Migrants’ daily schedule is only broken on Friday afternoons when work stops, for most at least. In Saliya, young men mill around the camps. Some dash to a makeshift mosque. Others venture into central Doha to meet old friends from home. It is also the time a secret union meets.
Unions are banned in Qatar, but in a room above a shabby Indian restaurant in Doha, 15 Nepalese workers rearrange the tables for an illegal support group meeting.
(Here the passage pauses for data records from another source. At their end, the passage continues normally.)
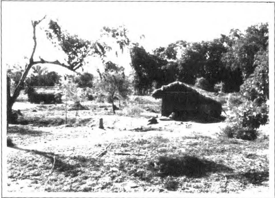
කැලෑව අසල මිනිසා වැදි ජනතාවගේ සම්මත පිළිවෙලයි.

භාෂාවෙන් හෙළිවන අනෙක් වැදගත් කරුණ නම් වැදි ජනතාව ජීව සංහතිය කෙරෙහි දැක් වූ සමානාත්මතාවයි. තමන් හඳුනා ගන්නට "මේ අත්තෝ" කියා යොදන අතර අනෙක් සියලුම ජීවී නාම අගින් "අත්තෝ" යන්න භාවිත කරයි. දඳාහරණ වශයෙන් අම්මල අත්තෝ (අම්මා) අප්පල අත්තෝ (තාත්තා) බොටකදාල අත්තෝ (අලියා) පොල්ලැවිලලා අත්තෝ (කොටියා) ඔප්පිල අත්තෝ (කුරුල්ලා) ආදී වශයෙන් පණ අත්තී සියලු දෙනාම තමන් හා සමාන යන අරුතකින් එකම පදයෙන් හඳුන්වනු ලැබේ. මිනිස් සමාජයේ වුවද විවිධ තරාතිරමි අතර වැදි සමාජයේ එවැන්නක් නොවීය. සියලුම පිරිමින් හැඳින්වීමට 'හුරා' යන පදය යෙදිය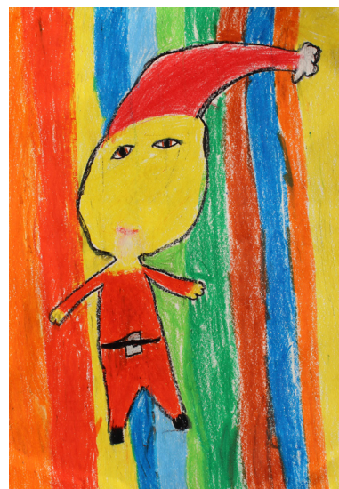
Lara Šinjur, 2. a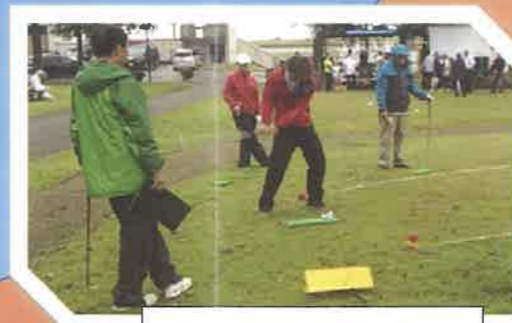
ターゲットパードゴルフ

Topping the agenda is the government announcement of plans to reform the labor laws — an attempt to address the appalling conditions.
“We think they are only changing the terminology and not the sponsorship system, the agent system and the situation with passports and ID cards,” one member says. “Because if they really do change the rules, it will slow down construction.”
Another says: “In fact, it is getting worse than before, because companies are anticipating the changes to the labor laws and so are making workers sign five-year instead of two-year agreements. Before, if we complete two years, we can change companies; now we have to wait five years. Only yesterday they forced me to sign a five-year contract.”
The labor ministry said last month that it had punished 200 companies in the first quarter of the year for labor law violations after inspections on 3,485 worksites targeting safety. It said it was launching a wage-protection system involving workers being paid through trackable transactions to banks or exchange houses.
However, in the same month, Qatar abstained in an International Labor Organization vote in favor of a protocol against forced labor that includes protection measures for migrant workers.